I found this extraordinarily compelling. Certainly there’s a boundary — a limit to what we should go along with in respect to a pluralistic society–and I think Shiphrah and Puah’s story is a clear example of a time when breaking the law was required. But I rarely hear anyone loudly stating, “Sometimes we must compromise in order to thrive as a democratic pluralistic society!” It’s not the sort of message that makes us feel heroic.
Friends, in theory, have practice at this. Every time we enter corporate discernment, we commit to trusting the community’s discernment over our individual sense of Spirit’s leadings. When we affirm sense of the meeting, we are not affirming our personal belief that a decision is right. We are affirming that we recognize the community’s sense that the decision is right.
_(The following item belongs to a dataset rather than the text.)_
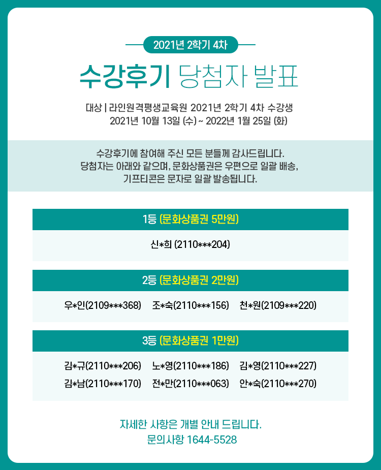 [¹ßÇ¥] 2021³â 2Çбâ(4Â÷) ¼ö°Èıâ À̺¥Æ® ´ç÷ÀÚ ¹ßÇ¥!!

Seeking the will of God in discernment is not the same as voting for representatives. Voting is a lot less elegant and, in my experience, discernment is more satisfying. In my country, when I vote, I very often feel I’m choosing between a bad option and a worse one. I’m trapped by the choices given to me. There’s no such thing as finding a third way.
But I am worried about my country. I am worried that the actions of my government may be morally wrong, but I am even more worried about my fellow citizens. I am worried that we are losing our commitment to living in a pluralistic society. I am worried by how many people are deciding that what they believe is right is the ultimate authority, the only perspective worth listening to. I worry about how many people in my social media streams are saying, “X is right, and Y is wrong, and anyone who disagrees with me is immoral and undeserving of a voice.”
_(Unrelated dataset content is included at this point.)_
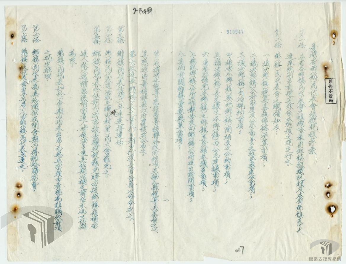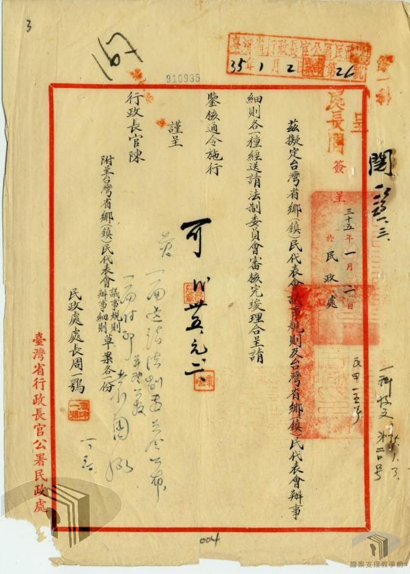 依據民國35年(1946)1月19日臺灣省行政長官公署公布「臺灣省鄉鎮組織規程」,鄉鎮設鄉鎮民代表會,由該鄉鎮之村里民大會選舉代表組織之。鄉鎮民代表之選舉則係依據「臺灣省各級民意機關成立方案」之規定,於35年12月全省各地首先成立村里民大會,村里民大會係由各該村里全體公民組成,並由村里民大會選舉出鄉鎮民代表,成立鄉鎮民代表會。鄉鎮民代表會之職權包括:一、議決鄉鎮概算,審核鄉鎮決算事項;二、議決鄉鎮自治規約;三、議決本鄉鎮與他鄉鎮間相互之公約;四、議決鄉鎮公有財產及公營事業之經營處分事項;五、議決關於鄉鎮不動產之管理及處分事項;六、議決關於設置管理及處分鄉鎮基本財產及公積金積穀等事項;七、議決除歲入歲出所定者外,另為義務負擔及權利放棄事項;八、議決關於鄉鎮舉債之決定或變更及利率與償還方法;九、選舉或罷免鄉鎮長、副鄉鎮長;十、選舉或罷免本鄉鎮之縣參議員;十一、聽取鄉鎮公所工作報告,及向鄉鎮公所提出詢問事項;十二、其他有關鄉鎮重要興革事項。

I don’t see moral certainty as the fundamental problem, really. I’d be pretty hypocritical if I did, because there are a number of matters regarding which I feel moral certainty. It’s the second part that’s worrisome: “anyone who disagrees with me is immoral and undeserving of a voice.” It is a very short leap from “underserving of a voice” to “I will take away your voice” and from there to committing or excusing violence.
Those of us in the United States are living through a dangerous era. The headlines are filled with major societal, legal, and cultural shifts, and most of us have very strong beliefs about which of these shifts are morally right and which of these shifts are morally wrong. It feels like a battle between good and evil. I don’t want to minimize that feeling for anyone. Many of us are experiencing this time as a fight for survival, or something close to it. That’s a lot to be living through.
What we cannot do is define the battle between good and evil in a way that places 50% of our neighbors on the evil side. We Friends know, when we stop and breathe, that every person deserves a voice, and as a matter of natural consequence, some will use that voice wrongly. We can be in relationship, we can try to convince, we can pray for those who are doing wrong…but while we are doing all we can to promote what we believe to be right, we must also testify to the inherent value of every human being.
Testify. Not just believe. It’s not enough to believe in the inherent value of every human being. In today’s society, we must talk about it out loud, and we must be explicit that when we say “everyone” we include those with whom we disagree. We must talk about what it means to live in a pluralistic society. The only alternative to a pluralistic society is denying some people a right to a voice. And historically, that always leads to violence.
There are Shiphrah and Puah moments coming. There will be times when we cannot compromise. But I suspect there will be more times when we are specifically called to affirm the humanity of the opposition, and that might be the hardest part.